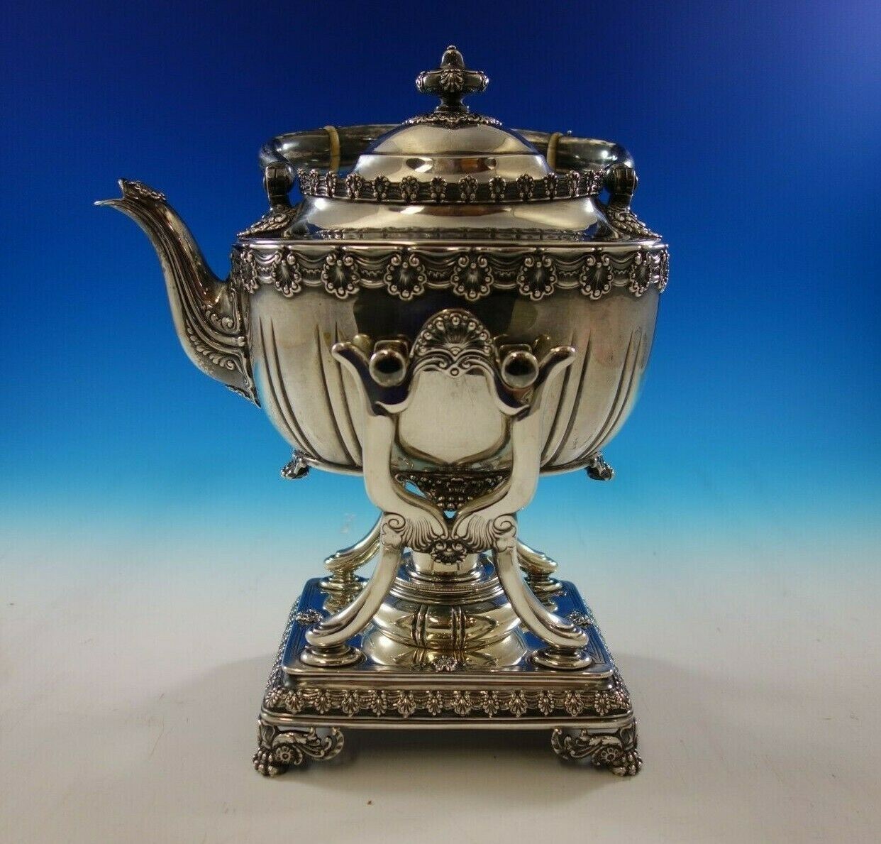 1 - Kettle on Stand: Marked 4 3/4 pint, measures 14" tall x 10", and weighs 72.3 troy ounces.
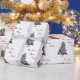 Este papel se diseña con un gran árbol de pino en sombras de blanco y negro. Eliminando la necesidad de etiquetas, este papel está seguro de sentir bien a su mejor amigo durante los días de fiesta.
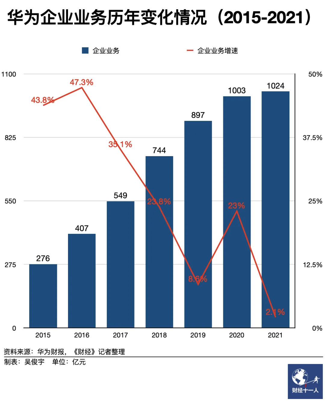 华为企业BG在今年其实也进入了一个关键的攻坚期。华为2021年报数据显示,企业业务收入为1024亿元,占总营收16.1%,同比增长2.1%,是华为三大业务中仍保持增长的板块。
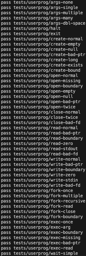 PintOS는 교육용 운영체제로, 처음에는 시스템 콜 인터페이스가 구현되어 있지 않다. userprog 프로젝트에서는 이를 직접 구현함으로써 운영체제가 어떻게 사용자 프로그램의 요청을 처리하는지를 학습하게 된다.
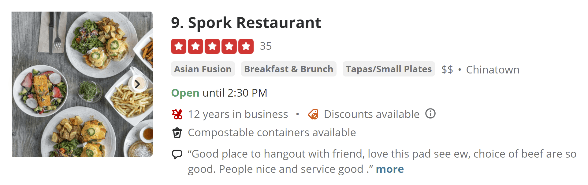 Yelp reports that searches for “plant-based” have seen a 56% average increase each year for three years running, and that searches for “EV charging” are seeing a 41% average annual increase. In response to growing global demand for more planet-friendly services, Yelp has debuted a set of new searchable attributes, including “EV charging station available,” “plastic-free packaging,” “provides reusable tableware,” “bring your own container allowed,” and “compostable containers available.” These are in addition to existing filters, like “vegan” and “bike parking”.
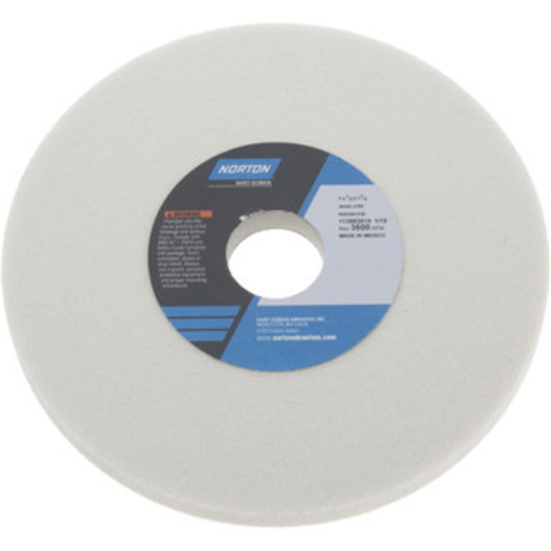 Norton 7 Diam x 1-1/4 Hole x 1/2 Thick, J Hardness, 60 Grit Surface Grinding Wheel Aluminum Oxide, Type 1, Medium Grade, 3,600 Max RPM, Vitrified Bond, No Recess 66252941038 – 05936034
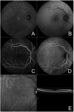 2 周后,左眼视力及眼底检查无明显变化(图 2)。FA 和 吲哚青绿血管造影(ICGA)仍显示微血管结构异常、渗漏及荧光遮蔽,ICGA 显示黄斑区脉络膜荧光异常(图 3)。SD-OCT 示视网膜内及视网膜下渗出,中心凹下少量网膜下液(图 4)。全身各项检查(血常规、C 反应蛋白、血沉、补体、自身抗体、感染指标等)均未见明显异常。
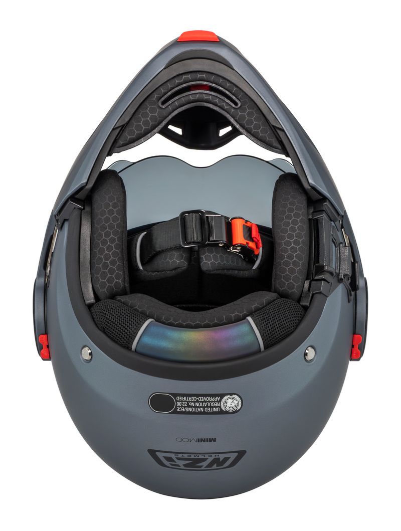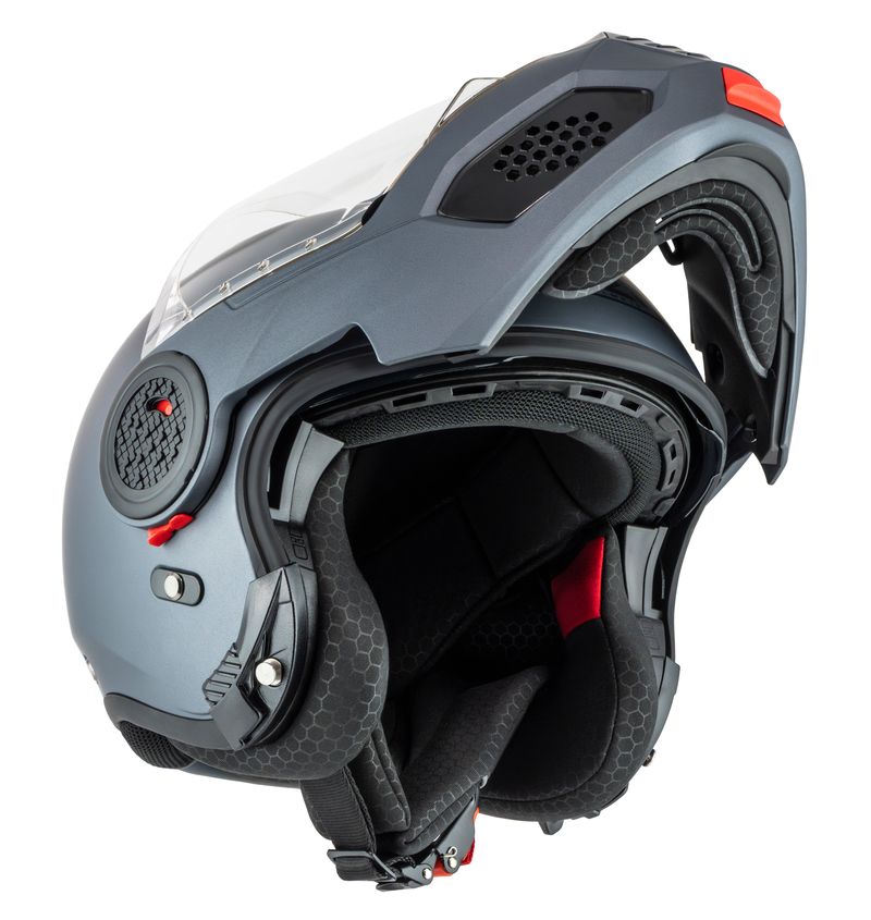 Med et enkelt trykk på en knapp felles hakepartiet opp, noe som gir bedre ventilasjon og smidighet ved stopp eller rolig bykjøring.
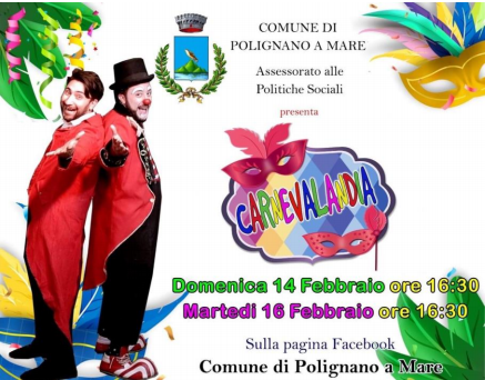 Il Comune di Polignano a Mare, con delibera n. 24 del 08/02/2021, ha promosso l’iniziativa “Carnevalandia” proposta dall’artista polignanese Lorenzo Torres e dal suo collega Vito Di Leo. Si tratta di un format televisivo a tema carnevalesco studiato per il web e rivolto ai bambini. “Ci è sembrato un modo semplice e diretto per arrivare ai bambini che, sebbene si siano più facilmente adeguati al periodo storico fatto di restrizioni e privazioni, hanno sofferto e soffrono la mancanza di incontri, di abbracci, di aggregazione” fa sapere il Sindaco, Domenico Vitto. Il format sarà sviluppato in due puntate della durata di 30 minuti circa e tratterà attività ludiche e di intrattenimento sfruttando le potenzialità della ballon-art, della magia, dei quiz e della comicità. Gli eventi, saranno trasmessi sulla pagina Facebook del Comune di Polignano a Mare, nelle giornate di domenica 14 e martedì 16 febbraio alle ore 16.30.
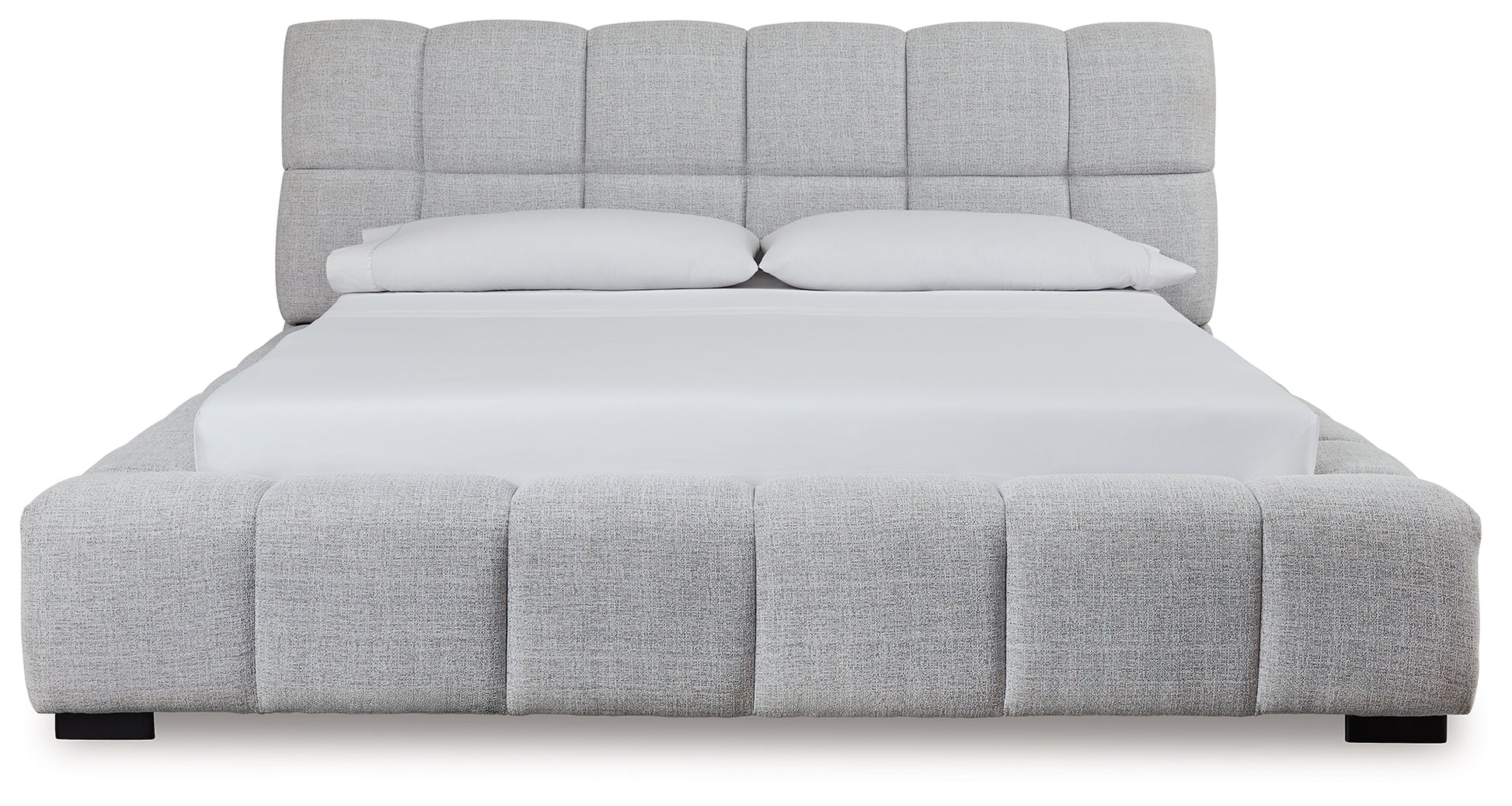 A divine merger of casual and contemporary design, this king upholstered bed is the upgrade you've been dreaming of. Plush, deep pillowed tufting creates an impressive silhouette that's just as comfortable as it is stylish. And the textured light gray Next-Gen Nuvella™ performance fabric is soft and easy to clean. Now there's a bed with staying power.
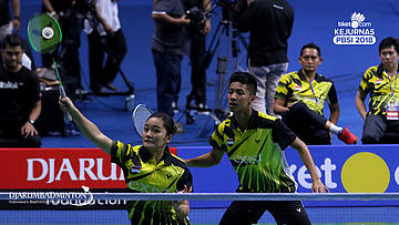 Dejan Ferdinansyah+Tsavanne Bethalia Putri Mertoso (DKI Jakarta) Mengembalikan shuttlecock
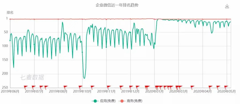 根據(jù)七麥數(shù)據(jù)的排名,我們看到企業(yè)微信在AppStore的排名從疫情之前的100名左右迅速上升到第1名、第2名,并且維持這個(gè)排名長(zhǎng)達(dá)幾個(gè)月;
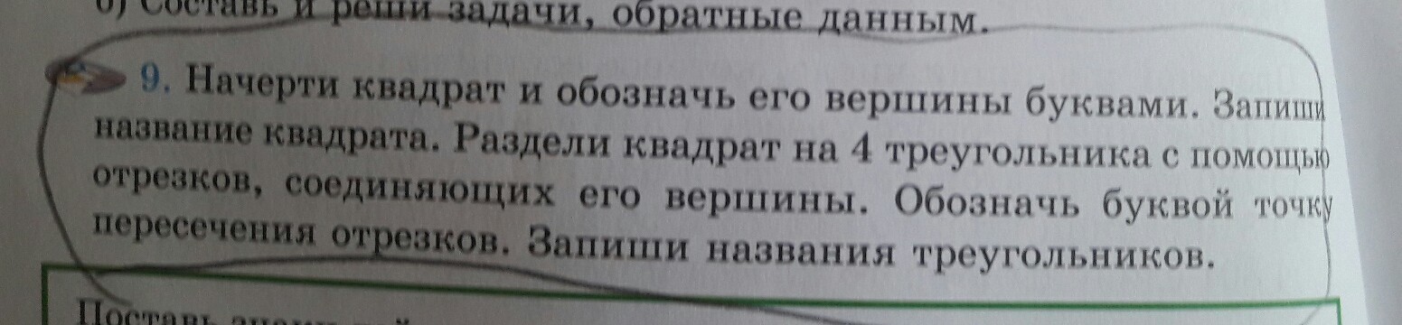 разделили квадрат диагоналями-отрезками АС и BD.
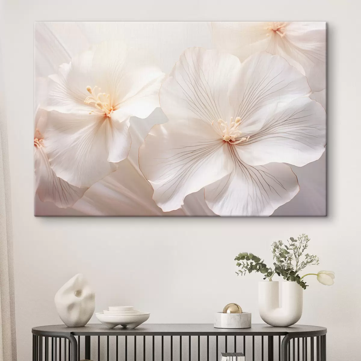 Obraz Jemné bílé květy s okvětními lístky a jemnými pastelovými středy vytvářejí zasněné a éterické květinové umění Č. s44858
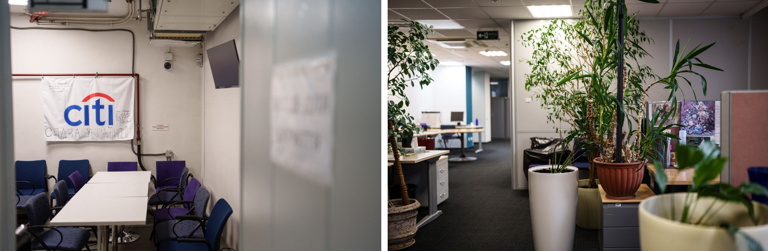 직원들은 교대로 키예프를 오가며 근무합니다. 공습 사이렌이 울리면 직원들은 본사 지하에 있는 은행 금고에 몸을 웅크립니다. 은행은 금고의 내용물을 치우고 책상과 테이블, 빈백 의자 등 좀 더 편안한 좌석으로 옮겼습니다. 은행은 사무실 내 인원을 금고에 안전하게 숨을 수 있는 인원 수로 제한했습니다.
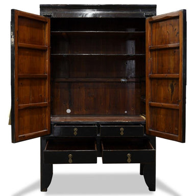 Late 19th Century Chinese black lacqer coffer/wedding chest, double hinged door above two drawers, inside with three shelves and four drawers, appr...
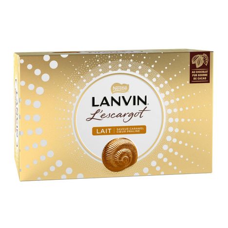 Découvrez l'Escargot LANVIN Caramel avec son praliné onctueux saveur caramel, né de la torréfaction des amandes, et sa coque de délicieux chocolat au lait. L'inimitable praliné Lanvin se dévoile… Ce praliné riche, fruité, onctueux en bouche et fondant au palais est composé d'un mélange savamment dosé d'amandes sélectionnées, lentement grillées et torréfiées, afin de sublimer les arômes en bouche. Avec le Plan Cacao NESTLE, et en partenariat avec Rainforest Alliance, LANVIN s'engage pour une production plus durable de cacao et contribue à soutenir les cultivateurs et leurs communautés. Avec le Plan Cacao NESTLE, et en partenariat avec Rainforest Alliance, LANVIN s'engage pour une production plus durable de cacao et contribue à soutenir les cultivateurs et leurs communautés.
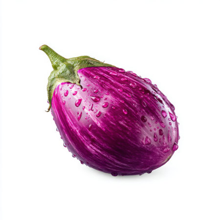 This image showcases a fresh purple eggplant with glistening water droplets on a clean white background, perfect for culinary and gardening themes.
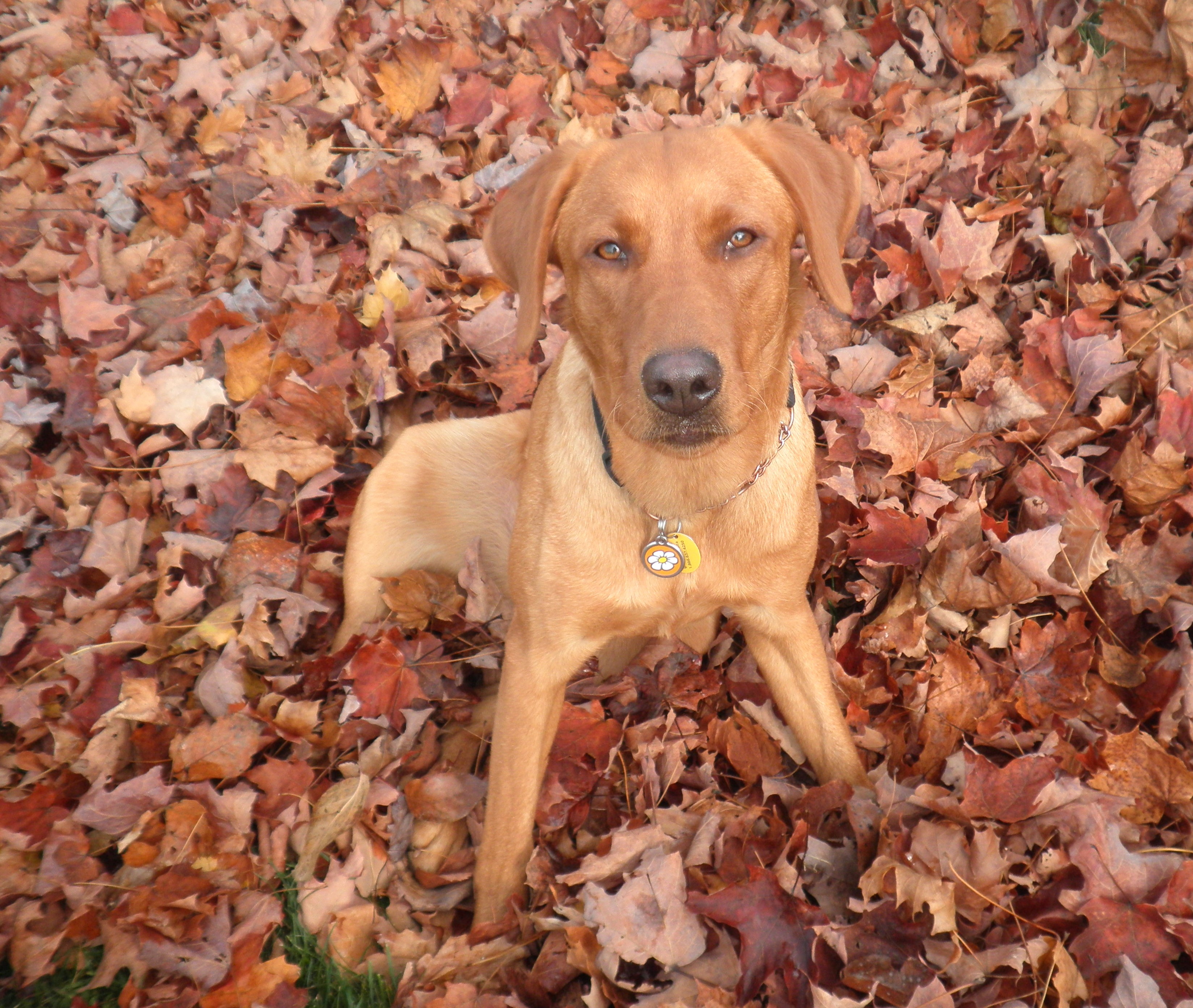 Here's a picture of Amber in the fall leaves, taken during that glorious, summerlike, very un-November-like weather. She's stolen our hearts :).

* * * * * * *

EXERCISE BRIEF: Print the part of the listing above that opens with the line containing "2 周后,左眼视力及眼底检查无明显变化(图 2)。FA" and closes with the line containing "Med et enkelt". Copy it exactly, both ends included, and omit the pictures.

ANSWER FOR THIS EXERCISE:
 2 周后,左眼视力及眼底检查无明显变化(图 2)。FA 和 吲哚青绿血管造影(ICGA)仍显示微血管结构异常、渗漏及荧光遮蔽,ICGA 显示黄斑区脉络膜荧光异常(图 3)。SD-OCT 示视网膜内及视网膜下渗出,中心凹下少量网膜下液(图 4)。全身各项检查(血常规、C 反应蛋白、血沉、补体、自身抗体、感染指标等)均未见明显异常。
 Med et enkelt trykk på en knapp felles hakepartiet opp, noe som gir bedre ventilasjon og smidighet ved stopp eller rolig bykjøring.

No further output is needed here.